**Saved data entries**
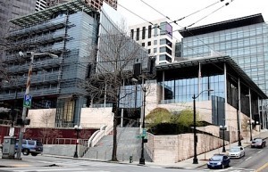 The philosopher Isaiah Berlin wrote a famous essay based on a saying attributed to the ancient Greek poet, Archilochus: “The fox knows many things, but the hedgehog knows one big thing.” Berlin was referring to writers and thinkers—he characterized Plato, Nietzsche, and Proust as hedgehogs, Shakespeare, Goethe, and Pushkin as foxes. I was visiting Seattle this week, and two buildings almost side by side, the Seattle Public Library and the City Hall, reminded me that the metaphor holds true for architects as well. Rem Koolhaas and Joshua Prince-Ramus, the architects of the library, are definite hedgehogs; they have one big idea that they flog for all its worth. Glass, glass, glass. No details, no facades, no relation to the surroundings—the crystalline shape is awkwardly parachuted into steeply sloping site. Peter Bohlin, on the other hand, is a (sly) fox. Instead of a Big Idea, the building addresses its function, its site, its views, its materials, and its construction in many small—and not so small—ways. We have become so used to signature buildings that it is almost surprise to encounter a public building, especially a city hall, that is not trying to be an icon. Unlike the library, this building is neither puzzling nor confusing. Here are the offices, here’s the council chamber, here’s the entrance, here’s a place to sit and have lunch, and here’s how the whole thing is put together. The library is a prickly presence in the city; the city hall flits lightly through its urban surroundings.
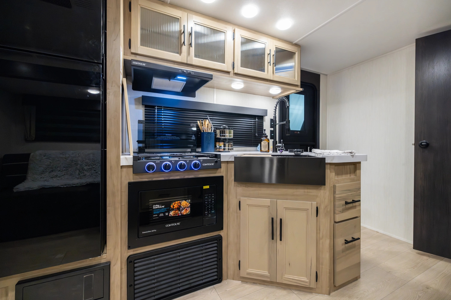 • Blackout Glass, Safety Slam, Friction Hinge Entry Door with Window and Shade Prep (N/A on LP models)
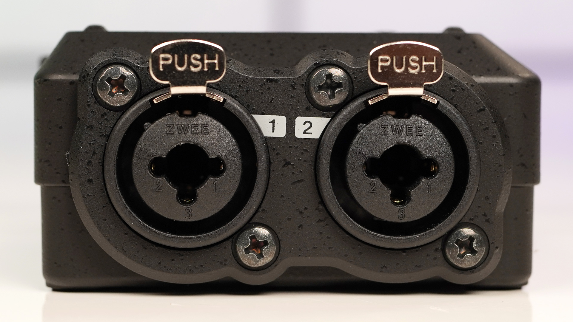 Auf der linken Seite finden sich die beiden XLR/TRS Kombi-Eingänge. Für den Anschluss von XLR-Mikrofonkabeln ist an jedem Anschluss eine Verriegelung vorhanden. So kann sich das Kabel nicht aus Versehen lösen.
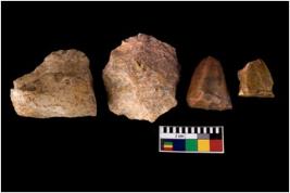 | Description / विवरण | Specimen of fluted cores showing impressions of blades removed from almost all the sides. |
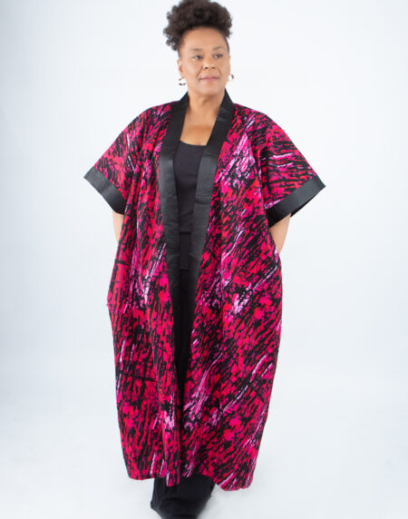 Elevate your wardrobe with this Elegant Red, Pink and Black Batik Kimono Jacket, a timeless statement piece.
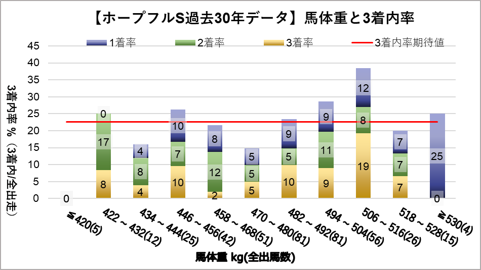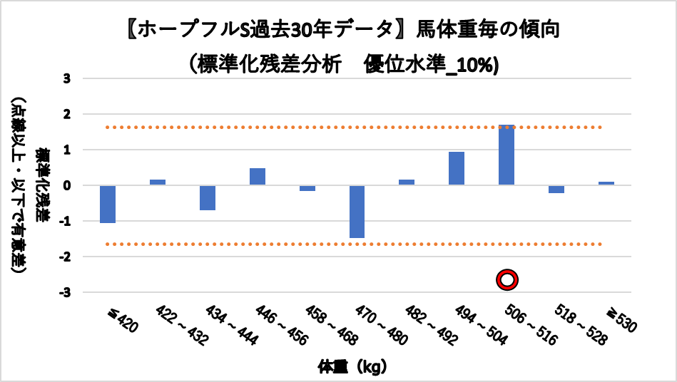 馬体重506~516kgレンジ(複勝率38.5%)において、統計的有意差が認められ、平均複勝率(23%)よりも好走する傾向が見られた

**Activity**
None of the pictures belongs in the answer, but all the entries must be repeated exactly.

**Expected output**
 The philosopher Isaiah Berlin wrote a famous essay based on a saying attributed to the ancient Greek poet, Archilochus: “The fox knows many things, but the hedgehog knows one big thing.” Berlin was referring to writers and thinkers—he characterized Plato, Nietzsche, and Proust as hedgehogs, Shakespeare, Goethe, and Pushkin as foxes. I was visiting Seattle this week, and two buildings almost side by side, the Seattle Public Library and the City Hall, reminded me that the metaphor holds true for architects as well. Rem Koolhaas and Joshua Prince-Ramus, the architects of the library, are definite hedgehogs; they have one big idea that they flog for all its worth. Glass, glass, glass. No details, no facades, no relation to the surroundings—the crystalline shape is awkwardly parachuted into steeply sloping site. Peter Bohlin, on the other hand, is a (sly) fox. Instead of a Big Idea, the building addresses its function, its site, its views, its materials, and its construction in many small—and not so small—ways. We have become so used to signature buildings that it is almost surprise to encounter a public building, especially a city hall, that is not trying to be an icon. Unlike the library, this building is neither puzzling nor confusing. Here are the offices, here’s the council chamber, here’s the entrance, here’s a place to sit and have lunch, and here’s how the whole thing is put together. The library is a prickly presence in the city; the city hall flits lightly through its urban surroundings.
 • Blackout Glass, Safety Slam, Friction Hinge Entry Door with Window and Shade Prep (N/A on LP models)
 Auf der linken Seite finden sich die beiden XLR/TRS Kombi-Eingänge. Für den Anschluss von XLR-Mikrofonkabeln ist an jedem Anschluss eine Verriegelung vorhanden. So kann sich das Kabel nicht aus Versehen lösen.
 | Description / विवरण | Specimen of fluted cores showing impressions of blades removed from almost all the sides. |
 Elevate your wardrobe with this Elegant Red, Pink and Black Batik Kimono Jacket, a timeless statement piece.
 馬体重506~516kgレンジ(複勝率38.5%)において、統計的有意差が認められ、平均複勝率(23%)よりも好走する傾向が見られた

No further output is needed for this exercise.